For the design of the plasma scenarios, the following constraints have been considered.

2.2.1. Vertical Forces

The force limits adopted on the CS/PF coils are:

• Maximum vertical force on the CS stack not exceeding 20 MN;
• Maximum separation force in the CS stack not exceeding 30 MN;
• Maximum vertical force not exceeding 30 MN for PF1/PF6;
• Maximum vertical force not exceeding 40 MN for PF2/PF5 and PF3/PF4.

2.2.2. Magnetic Fields

The maximum magnetic field at the location of the CS coils shall not exceed 13.6 T in the high field section, 10.8 T in the medium field section and 8.9 T in the low field section. The maximum magnetic field at the location of the PF coils changes as a function of the radial coordinate of the coils. Peak magnetic field values are reported in Table 1.

2.2.3. Plasma

• Minimum distance of 40 mm between the plasma and the inner side of the first wall;
• Minimum distance of 60 mm between the plasma and the outer side of the first wall;
• The maximum plasma current is 5.5 MA, whereas the plasma shape parameters should be similar to the present EU design of DEMO, with a ${\delta }_{95\%}$ (plasma triangularity) $\cong 0.33$ and $k_{95\%}$ (plasma elongation) $\cong 1.65$; with these parameters, taking into account the presence of the passive conductor, the plasma control system is able to stabilize the plasma vertically by means of the in-vessel coils.

2.2.4. CS/PF Voltages

The plasma scenarios have been designed according to the following voltage limits for CS/PF coils:

• Maximum voltage of 800 V for CS circuits;
• Maximum voltage of 2 kV for PF1 and PF6;
• Maximum voltage of 3 kV for PF2, PF3, PF4 and PF5.

3. SN Plasma Scenario

The reference SN scenario is characterized by a 5.5 MA plasma current at flat-top and a total duration of about 100 s. In the following, the details of the pre-magnetization, the ramp-up, flat top and ramp-down phases are presented.
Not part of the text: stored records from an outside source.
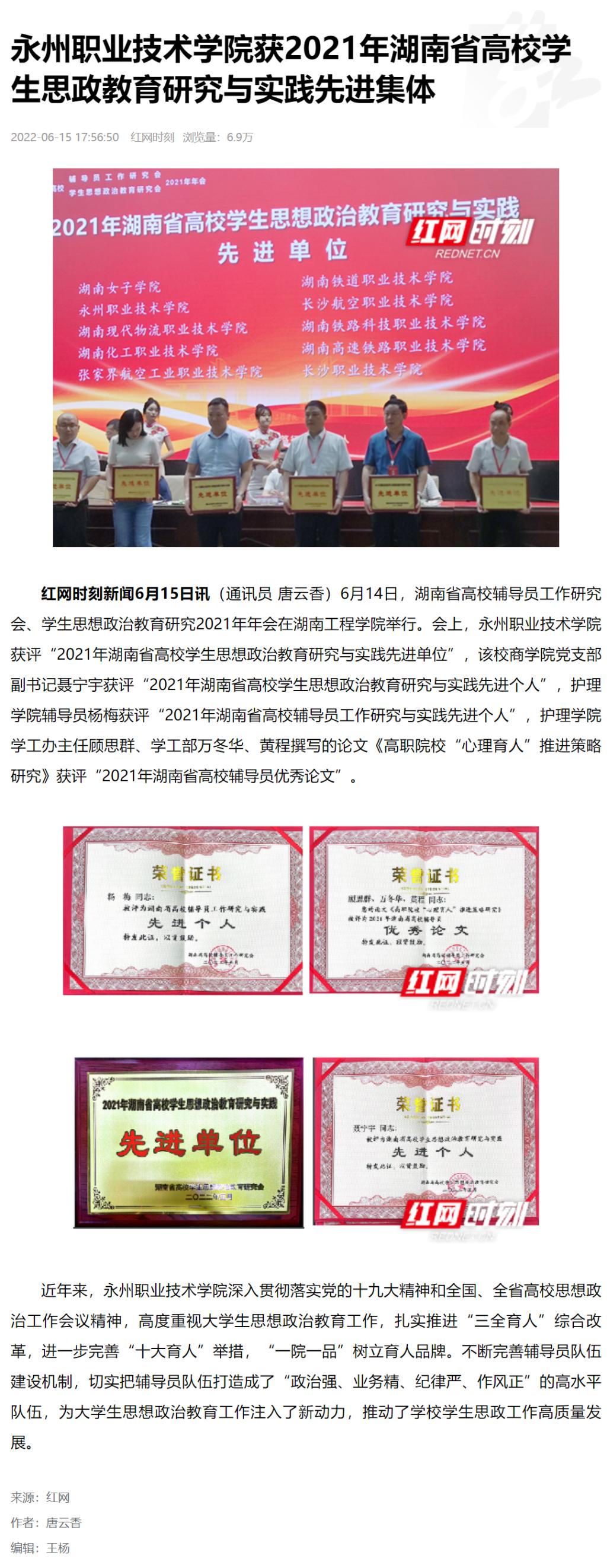红网时刻新闻6月15日讯(通讯员 唐云香)6月14日,湖南省高校辅导员工作研究会、学生思想政治教育研究2021年年会在湖南工程学院举行。会上,永州职业技术学院获评“2021年湖南省高校学生思想政治教育研究与实践先进单位”,该校商学院党支部副书记聂宁宇获评“2021年湖南省高校学生思想政治教育研究与实践先进个人”,护理学院辅导员杨梅获评“2021年湖南省高校辅导员工作研究与实践先进个人”,护理学院学工办主任顾思群、学工部万冬华、黄程撰写的论文《高职院校“心理育人”推进策略研究》获评“2021年湖南省高校辅导员优秀论文”。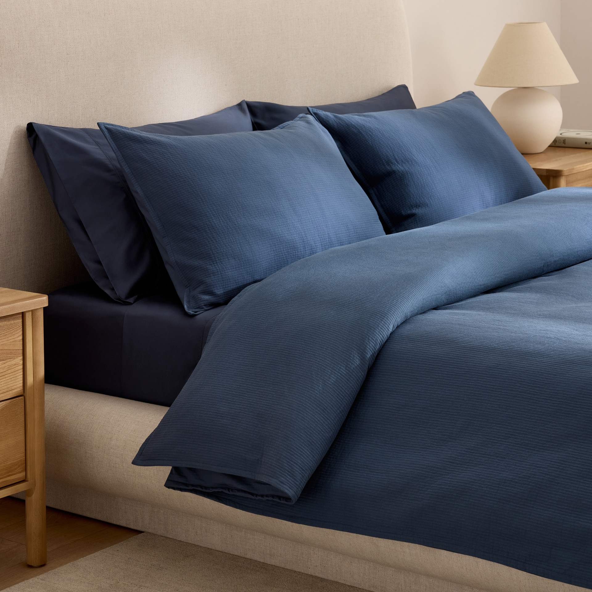 Son tissu doux et texturé crée une ambiance apaisante, idéale pour un confort au quotidien.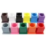 تعتبر حاملات أقلام الرصاص طريقة رائعة لتنظيم الأقلام وعرضها بطريقة جمالية وعملية. غالبًا ما تتميز هذه الحوامل بمقصورات أو أكواب متعددة، والتي لا تساعد فقط في فرز وتخزين الألوان المختلفة ولكنها أيضًا تشجع الأطفال على تطوير مهاراتهم الحركية الدقيقة وقدراتهم على التعرف على الألوان. عادة ما تكون مصنوعة من الخشب، مما يعكس تركيز مونتيسوري على المواد الطبيعية والمتينة الآمنة للأطفال والبيئة.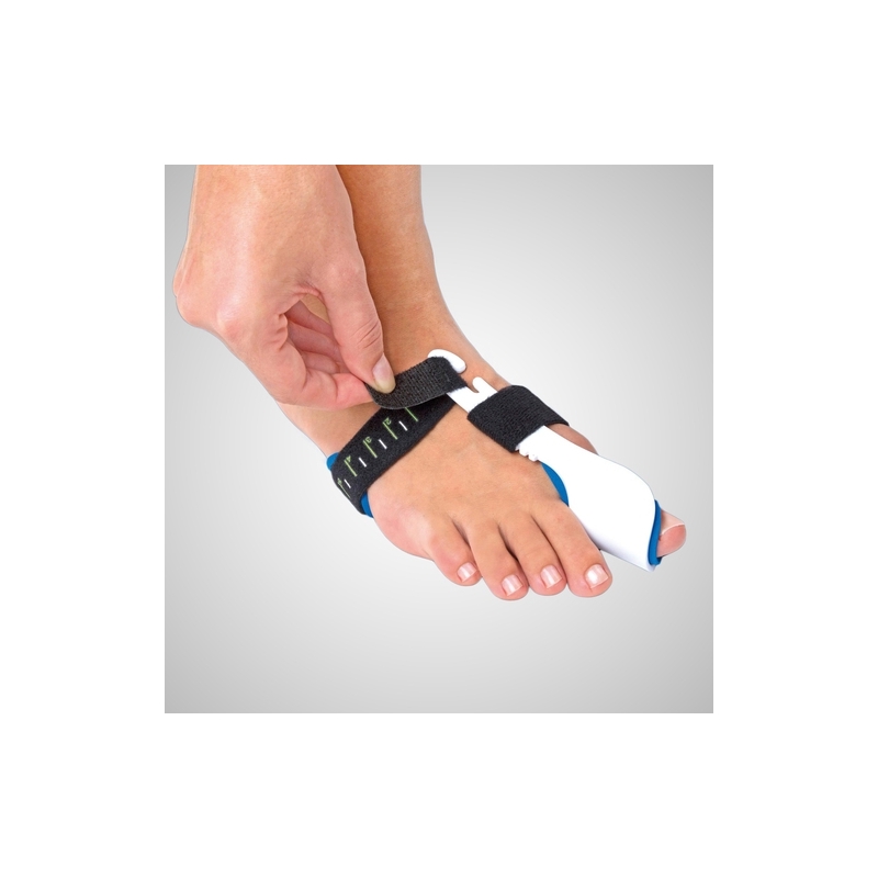 Incorpora un cuscinetto ammortizzante per il 1° dito, una fascia metatarsale sul 5° metatarso regolata per controllare la pressione correttiva e una fascia metatarsale anatomica e retrocapitale sul 1° metatarso. Inoltre, incorpora un comfort pad sul 5° metatarso. Realizzata in termoplastica e con morbido velour. Chiusura in microvelcro.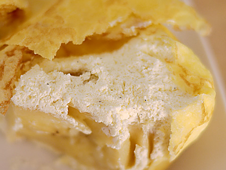 半額物なのにクレープの皮は全然しなっておらずフォークでぷっつりと切れます。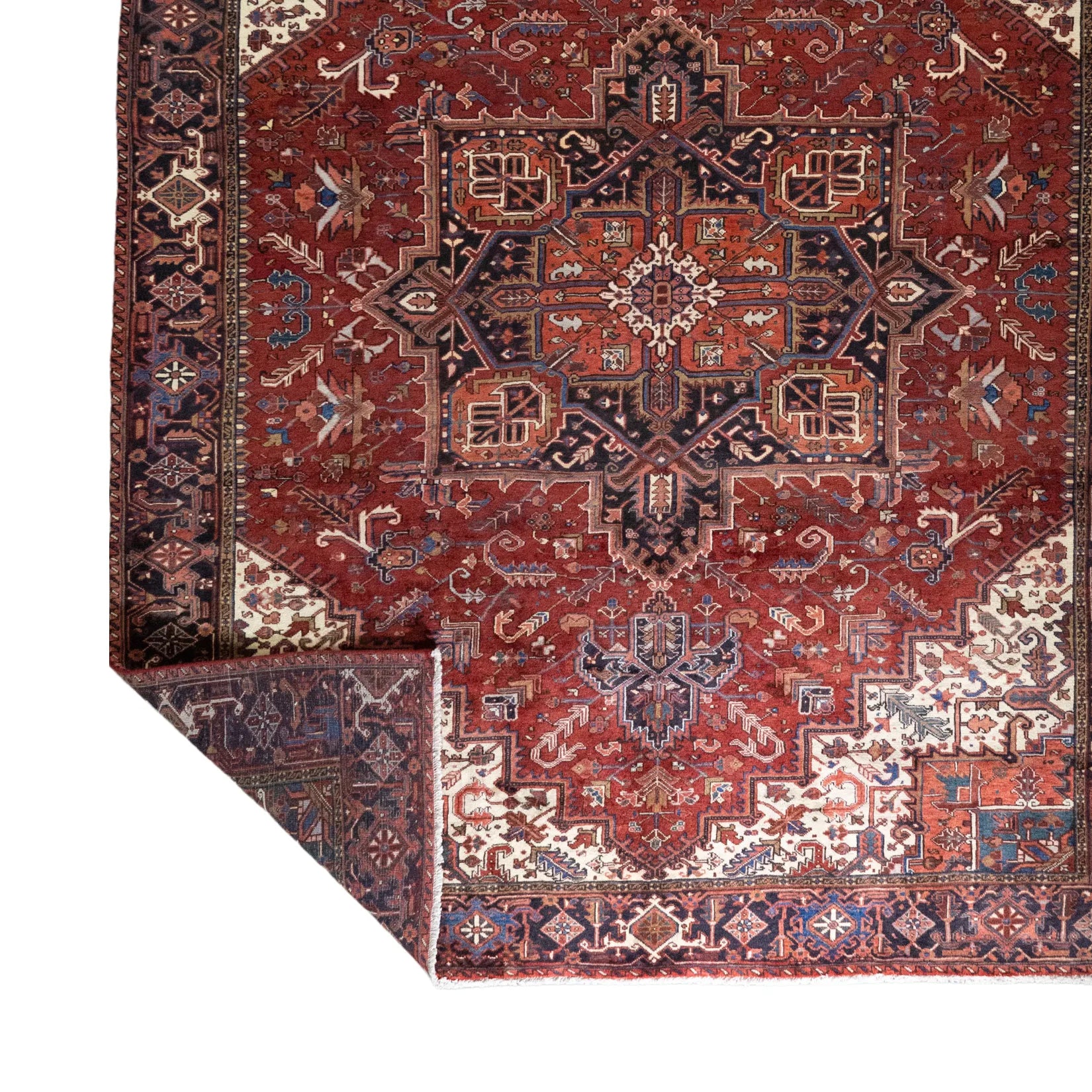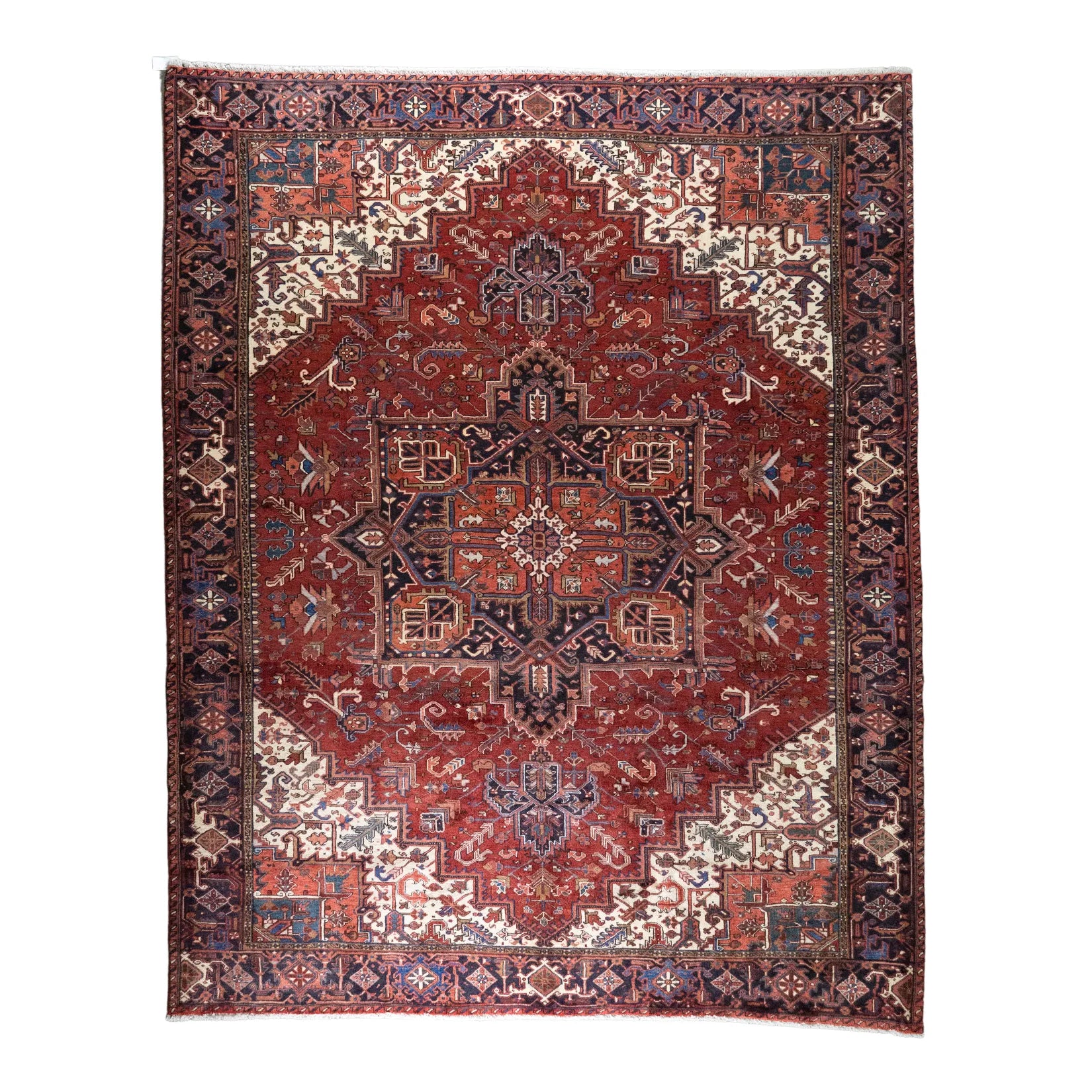 Add a Bold Touch with GEOMETRIC Style. This stunning HERIZ rug, crafted in a striking geometric style, brings a modern and bold look to your home. The clean, sharp lines and symmetrical patterns on the RED base create a dynamic visual effect, making this rug a perfect statement piece. The contrasting NAVY border adds a touch of sophistication, enhancing the overall design. Whether placed in your living room, office, or any open space, the geometric pattern brings structure and energy to the decor. Sourced from PERSIAN, this handmade rug is a long-lasting investment in craftsmanship and style. Measuring 10' 2" x 12' 8" (imperial) or 310 x 386 (metric), it not only elevates your space but is built to stand the test of time.

The plasma configurations have been produced by the CREATE-NL code [9] and optimized using the CREATE-L code [10].

3.1. Pre-Magnetization

A good magnetic field null during the plasma breakdown (i.e., a large central hexapolar region even at the low field) can also be guaranteed in the most demanding case (ohmic breakdown without EC assistance) with a toroidal electric field of 0.8 V/m. This configuration can be obtained with various combinations of currents satisfying the constraints of Section 2.2, starting from a premagnetization characterized by a poloidal flux of 16.2 Vs (Figure 2).

3.2. Ramp-Up Phase

The ramp-up phase has been designed according to premagnetization flux of ${\mathrm{\Psi }}_{Premagnetization}$ = 16.2 Vs (Figure 2) and applying the Ejima formula with $C_{EJIMA}$ = 0.35 [11]. Indeed, the flux at the start of the flat-top (SOF) turns out to be:

$${\mathrm{\Psi }}_{SOF}={\mathrm{\Psi }}_{BD}-(0.5{\mu }_{0}R{l}_i{I}_{pl}+C_{EJIMA}{\mu }_{0}R{I}_{pl})=4.4\mathrm{Vs}$$

(1)

After the breakdown phase, with a hexapolar null point in the center of the chamber, at $t$ = 0.2 s a first circular plasma with $I_p$ = 200 kA, ${\beta }_p$ (poloidal beta) = 0.1 and $l_i$ (internal inductance) = 0.9 is obtained. Progressively, the plasma current $I_p$ is assumed to increase with a ramp rate of 200 kA/s, while the plasma shape evolves from a circular to an elliptical shape leaning on the inner side of the first wall. Between $t$ = 9.2 s and $t$ = 14.2 s, the plasma current rises up to 3 MA, achieving the X-point formation keeping ${\beta }_p$ and $l_i$ constant. In this ramp-up scenario, the plasma remains in a limited configuration for about 15 s. From $t$ = 14.2 s to $t$ = 27 s, the current reaches its flat-top value of 5.5 MA, and the plasma shape parameters achieve their target values while ${\beta }_p$ remains at a low value. It is worth mentioning that, according to the voltage limits presented in Section 2.2, the ramp-up phase can be realized with a maximum plasma current rate value of about 650 kA/s due to the 800 V limitation of CS power supplies.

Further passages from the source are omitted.